Dr. Lucien Jones, Vice Chairman of the National Road Safety Council and Education Minister Fayval Williams
By Kimone Witter    
Ten children have died in road crashes since the start of the year, with the latest being two students of Titchfield High School in Portland on Tuesday.
The students have been identified as Jaquan Wynter of Annotto Bay, St. Mary and Onaje Lindsay, both 14.
Three fatal crashes on Tuesday have brought road fatalities to 158, only one less than the 159 which occurred during the same period last year.
Vice Chair of the National Road Safety Council, Dr. Lucien Jones, says chairman of the NRSC, Prime Minister Andrew Holness, and the Pan American Health Organization representative Ian Stein are scheduled to attend Thursday's meeting of the Council. 
Dr. Jones believes the strategies to be discussed should focus on the causes of road crashes. 
"We are hoping that coming out this meeting, we will devise some strategies to make a difference to those on whom the clock is ticking. We can no longer do anything for those who died yesterday or the day before. It's too late. But for those who, for them, time is running out, that would be our main concern. 
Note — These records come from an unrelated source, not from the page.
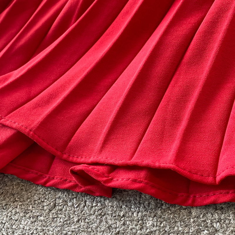 HomeDresses Autumn Women Pleated Midi Dress Vintage Red/Purple/Green Draped Party Vestidos Elegant Casual High Waist Long Sleeve Robe
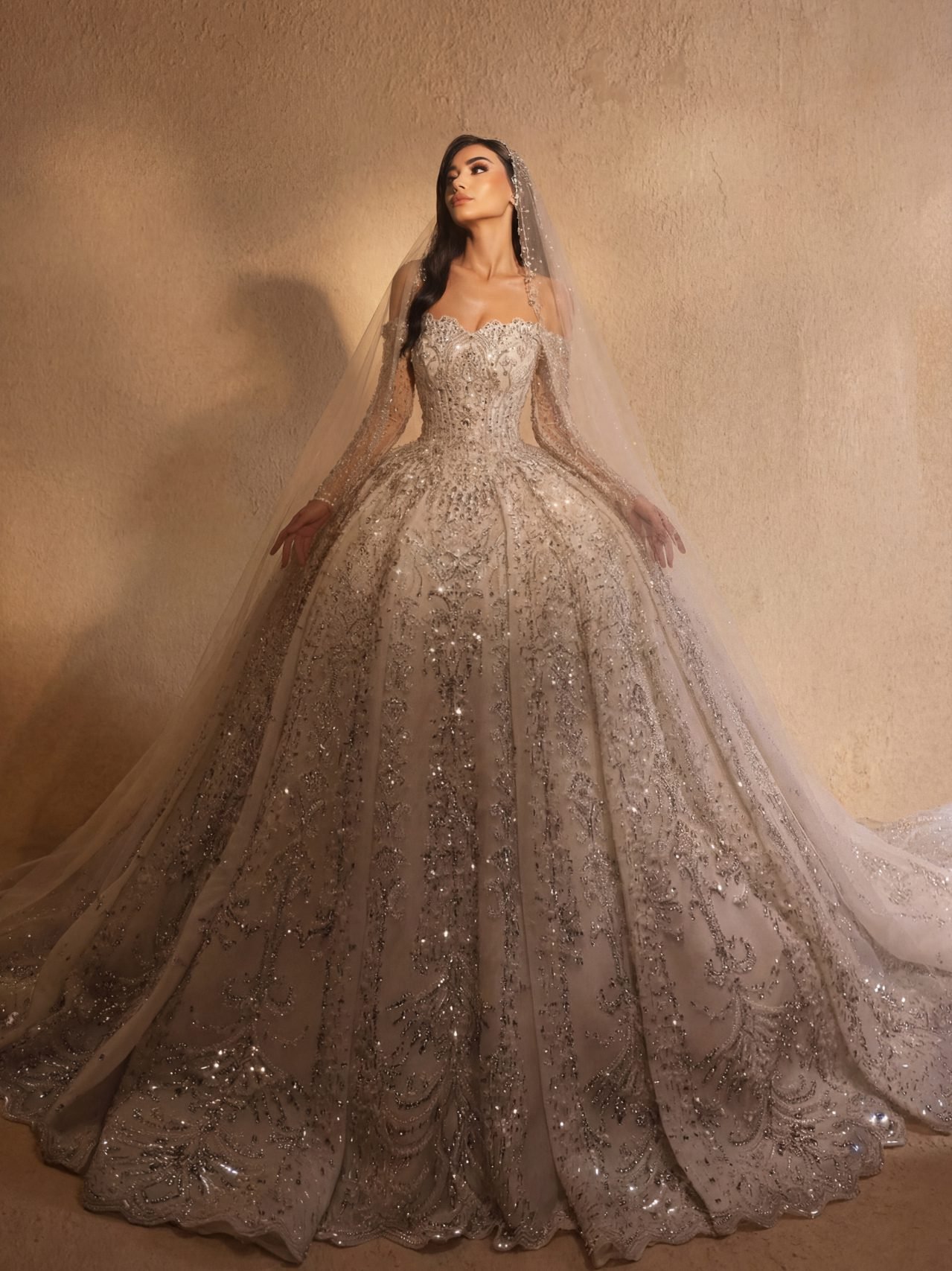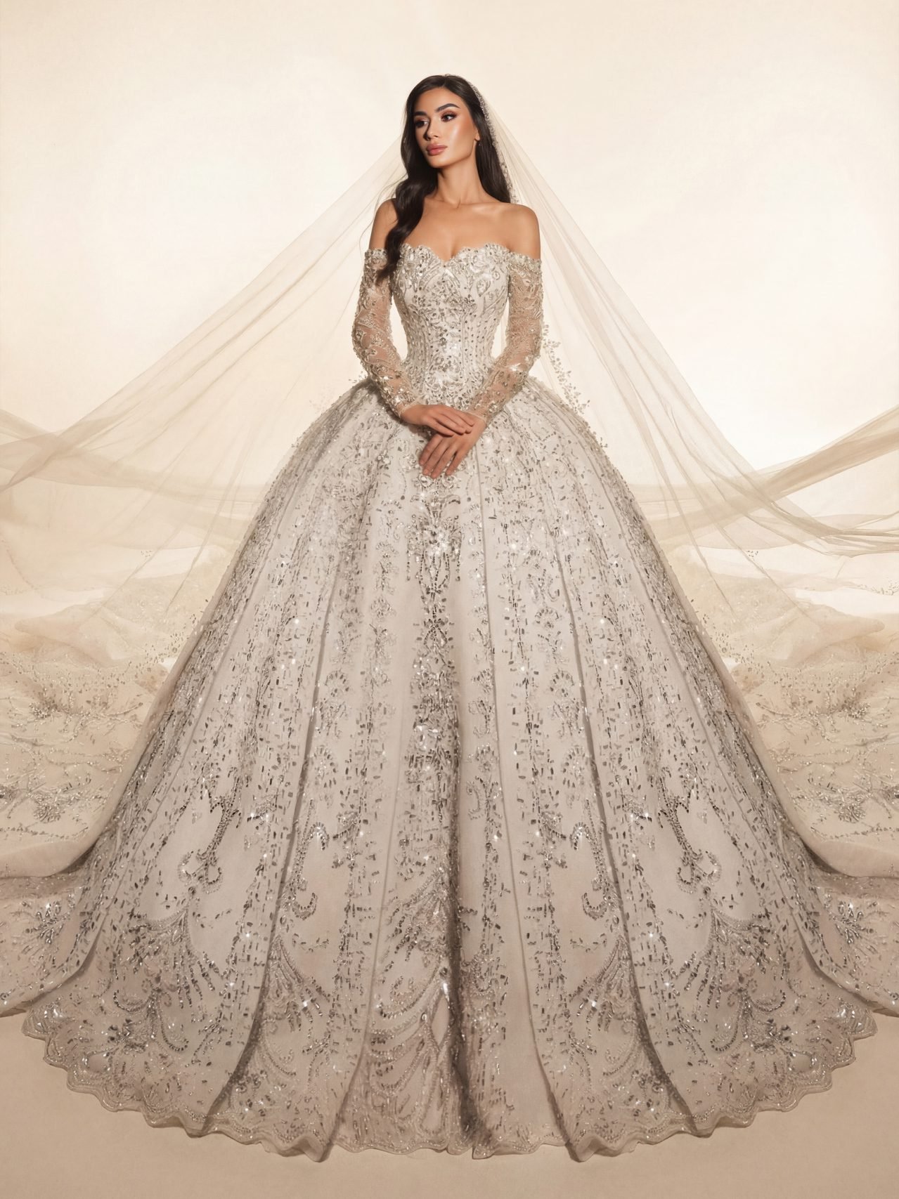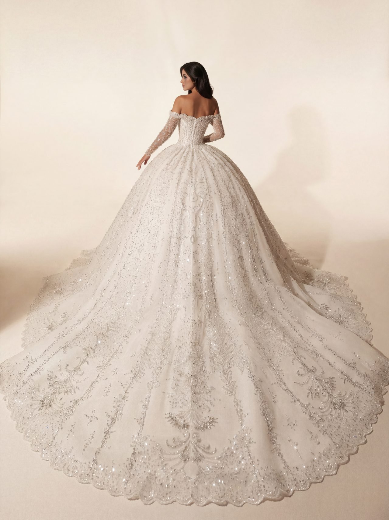 An off shoulder wedding gown with sweetheart neckline featuring a voluminous ball gown skirt, heavily encrusted with silver crystals and metallic beadworks in Baroque patterns that trail down to an elegant scalloped hemline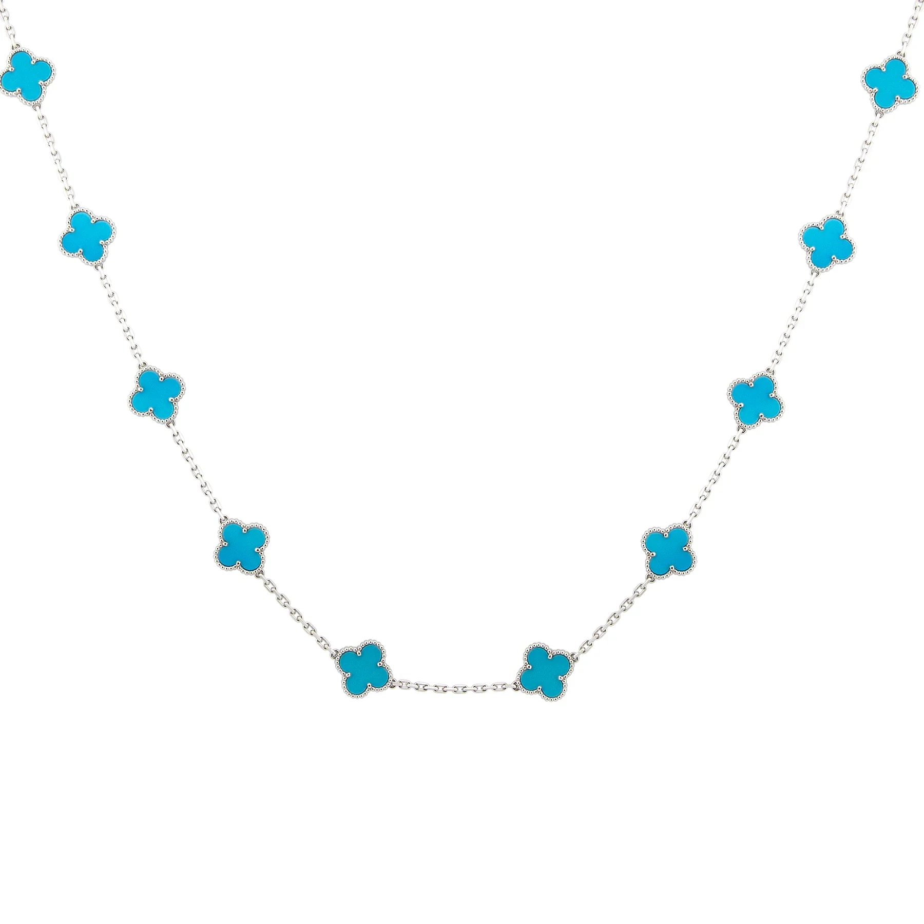 Van Cleef & Arpels 18K White Gold Vintage Turquoise Alhambra Lady’s Necklace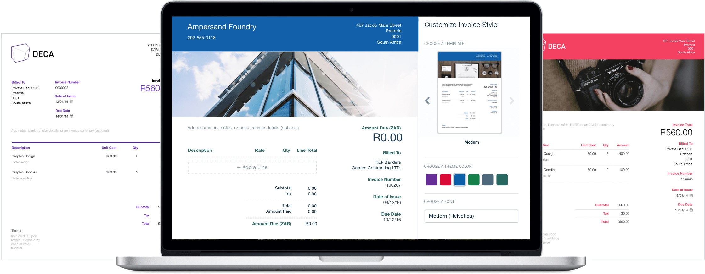 Absolutely, our FreshBooks invoice generator produces a product that is a lot more professional than an invoice template. Plus, you can customize the look and feel of your invoices to match your business’ brand, including the layout, font, color,imagery and even charge late fees.
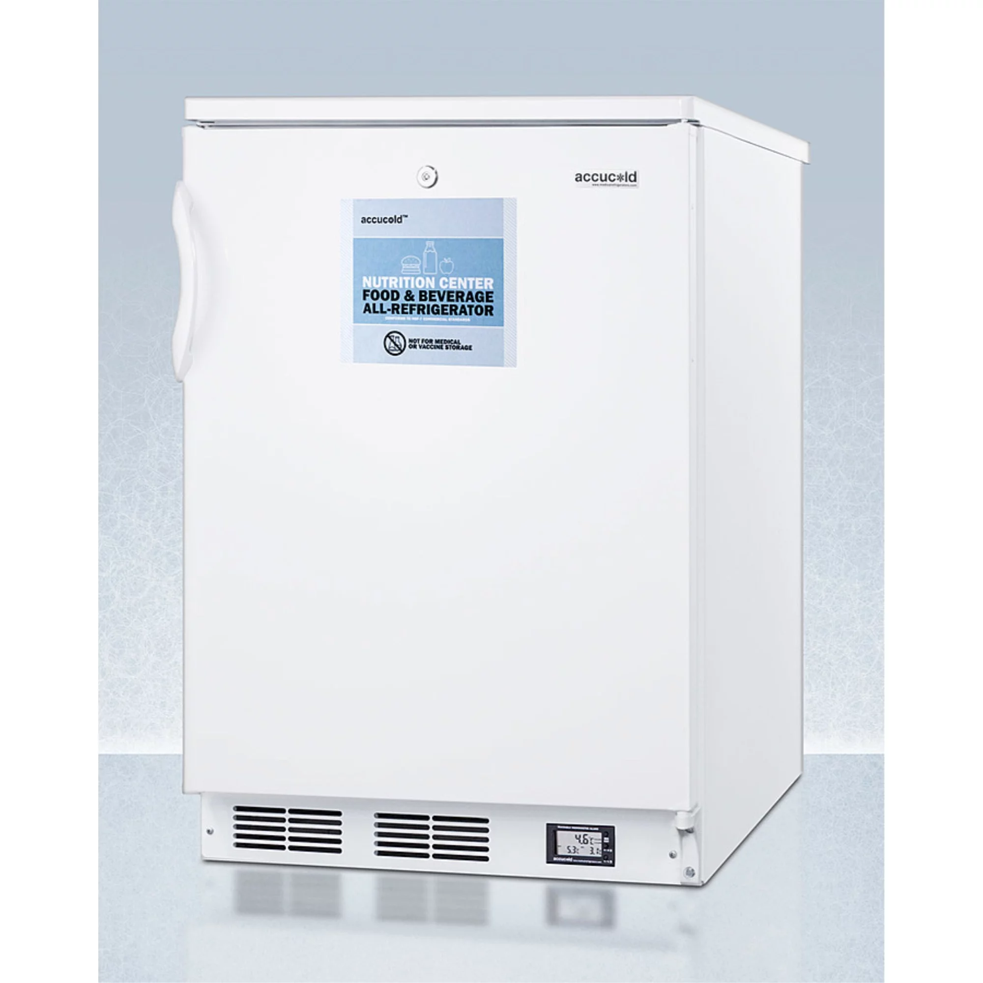 Commercially approved Nutrition Center series all-refrigerator in white for built-in or freestanding use, with front lock and digital temperature display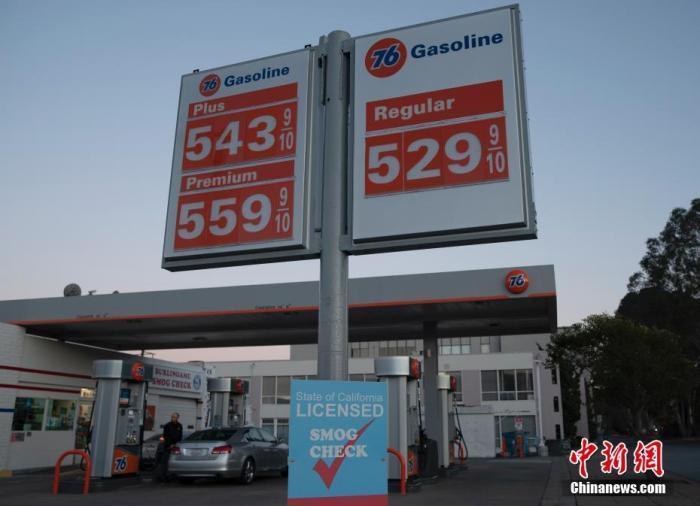 2022年3月,车主在美国加州圣马特奥县为车辆加油。中新社记者 刘关关 摄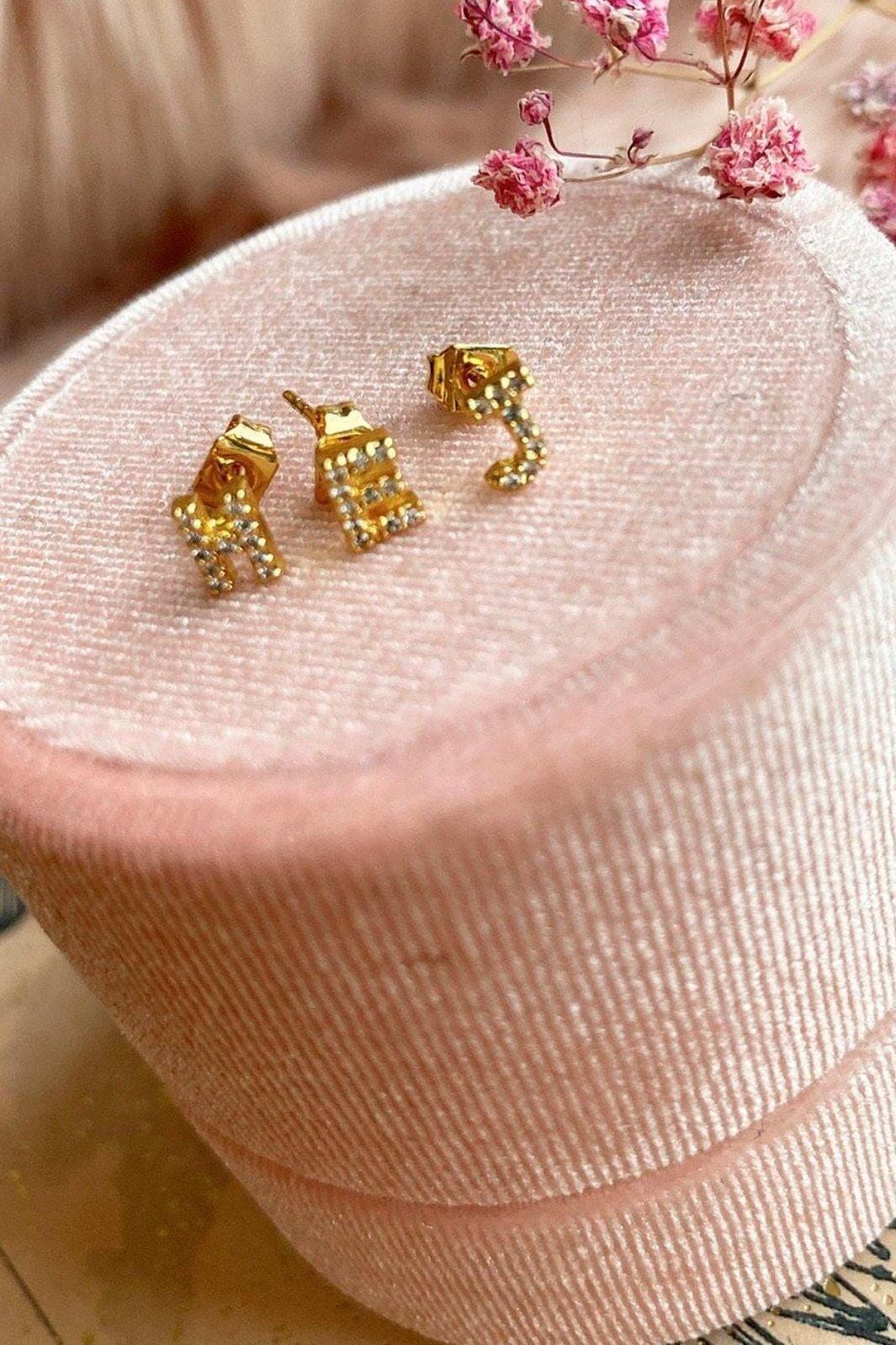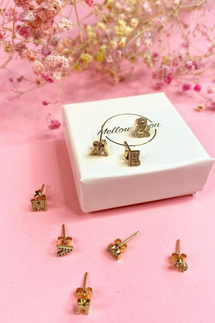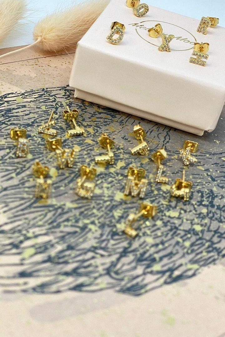 Vergoldete Buchstabenohrringe von Mellow Moon mit kleinen Steinen. Der Ohrring hat eine persönliche Note mit einem Buchstabendesign, bei dem die Steine einen funkelnden Ausdruck verleihen.

"One of the things we have to do is to get past the focus on fatalities, as important as that is, but also place our focus on the number of injuries and the number of fender benders, because if we can get a handle on what is causing the fender benders and get a handle on what is causing the injuries, then we're in a better position to deal with the ultimate goal, which is to prevent this," he reasoned. 
'Avoidable tragedy' 
Meanwhile, Education Minister Fayval Williams, while expressing sorrow at the deaths of the two students from Titchfield High School, has asserted that this tragedy could have been avoided.
Speaking with Radio Jamaica News, Mrs. Williams implored drivers to follow the rules of the road. 
"Families are in mourning. They're grieving. We've lost two Jamaican citizens who are in just the prime of their life. Who knows what these students would become in terms of good citizens and leadership for this country? We want to appeal to all on our streets, to slow down, be careful, obey the rules of the road. They're there for our own protection," she pleaded. 
The Ministry of Education's grief crisis team has been mobilised to provide comprehensive psychosocial support to the affected students, staff, and the surrounding community of Titchfield High.